Sudbury Councillors support residents’ opposition to telephone mast in green space in Vale Farm, Sudbury Avenue

Sudbury Councillors have been helping residents on Sudbury Avenue to object to proposals for a company called WHP Telecoms to install a 5G telephone mask in some green space on the east side of Vale Farm. Given the green space and the status of Vale Farm in the Sudbury Neighbourhood Plan, the proposal is clearly unsuitable and we will do everything we can to see off this development, as the particular site proposed is clearly unsuitable.

Since July last year, Sudbury Councillors have been supporting residents in Sudbury Avenue with their campaign against the installation of a 15 metre 5G monopole in green space on the east end of Vale Farm (Brent Council ref: 20/2107).

Local residents are not opposed in principle to important new infrastructure, but they have raised some very measured and reasonable concerns about the proposed location of the new development. Like them, we also have issues with the way the developer has gone about the process, with minimal consultation and with some inaccuracies in their appeal document.

The lack of consultation on phone masts is proving to be a key issue across many local communities, as the 5G roll-out goes under-way. This is vital infrastructure, but sometimes developers try to rush through these applications without any regard to local communities.

This was one such case. The proposed location is wholly unsuitable, as it sits within vital green space in Vale Farm which is protected by the Sudbury Neighourhood Plan. They propose to construct it in a relatively quiet area next to a park bench, where it is liable to cause noise pollution for residents on the other side of the road.

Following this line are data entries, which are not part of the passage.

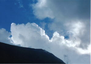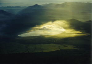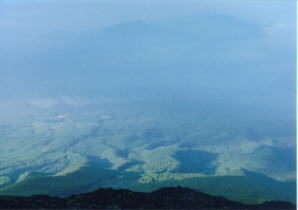 あたりの風景はどんどん色を取り戻してゆく。 登ってきた溶岩の道、樹海、山中湖、人間の暮らす街 連なる山並み、大陸を取り囲む海、海に浮かぶ島々 朝日に色を変えてゆく空と雲。 すべてを同時に見ることが出来る。 奥行きのある風景。 いつの間にか頭上には青空が広がる。 富士山のてっぺんから、でっかい空をつかんだ。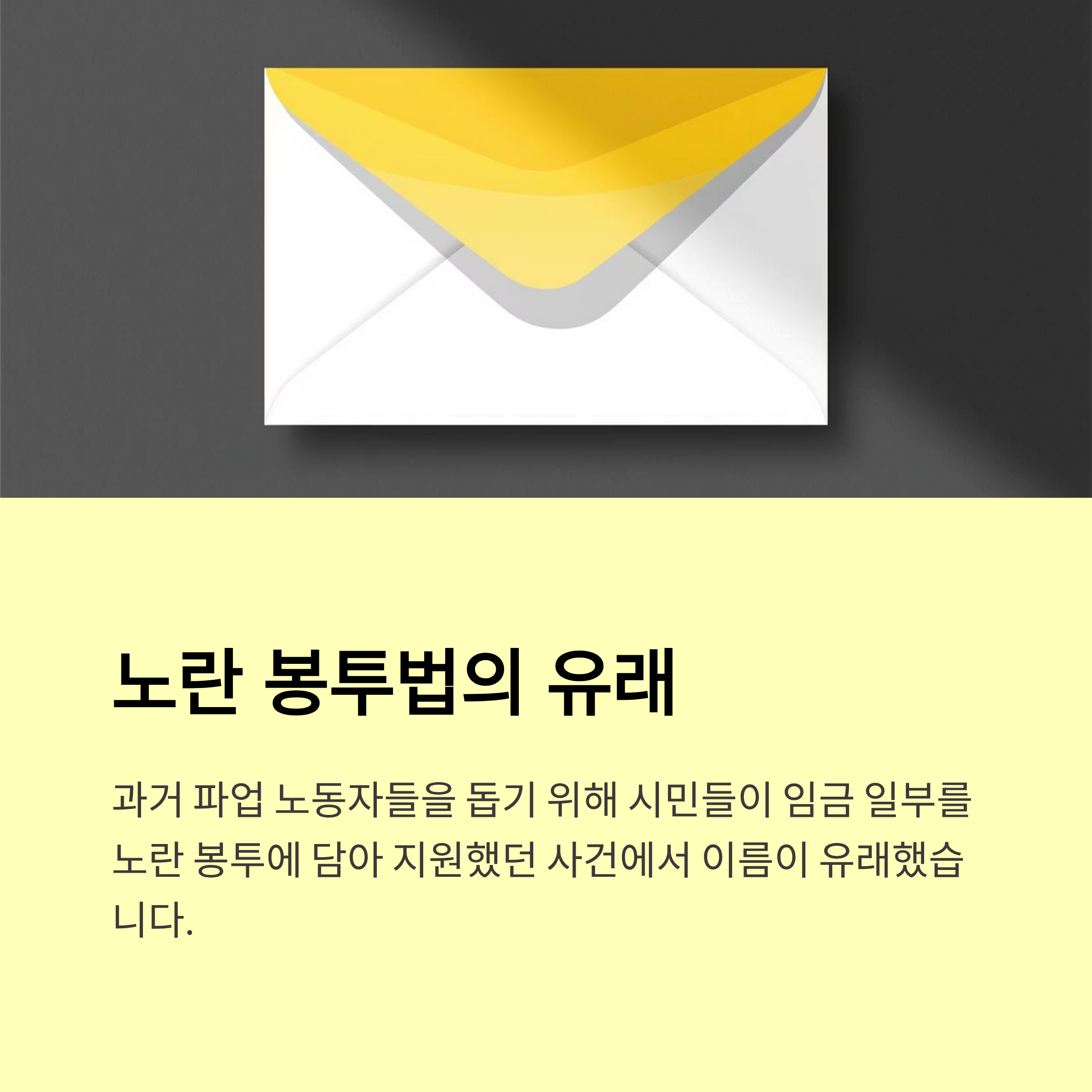 A3. 과거 파업 노동자들을 시민들이 임금 일부로 지원할 때 노란 봉투에 돈을 담아 전달한 사건에서 따온 이름입니다.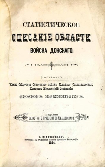 "Статистическое описание Области Войска Донского" — это фундаментальный труд, обширное описание войска Донского, в котором рассказывается об истории, народонаселении, быте донского края, самоуправлении в станицах и управлении краем, донском земстве и пр.

There are also valid concerns that it will enroach onto the narrow pavement nearby, which is frequently used by residents with families, using buggies and wheelchairs. There is a very real concern that it will restrict their access.

Despite repeated requests, the developer has refused to disclose the basis for thinking why this is the most appropriate location for a development of this kind. Cllr Saqib Butt, on behalf of the three Sudbury Councillors, also wrote to the developer to seek a meeting to discuss these issues alongside residents, but we never received a reply to his request.

In many occasions planning legislation means that local councils’ planning departments are hamstrung in the grounds they can use to refuse them. However, in this case, following residents’ objections, Brent Council’s planning department refused the application on very clear and strong grounds. The developer has since appealed to the Planning Inspectorate, and we have supported residents in raising objections and submitting our own.

The case is now due to be considered by the Planning Inspectorate. As before, we will continue to work with residents to support their reasonable objections and organise their campaigning. Indeed, we would like to thank Sudbury Avenue residents for their excellent work and stellar campaigning in seeing off their initial proposal.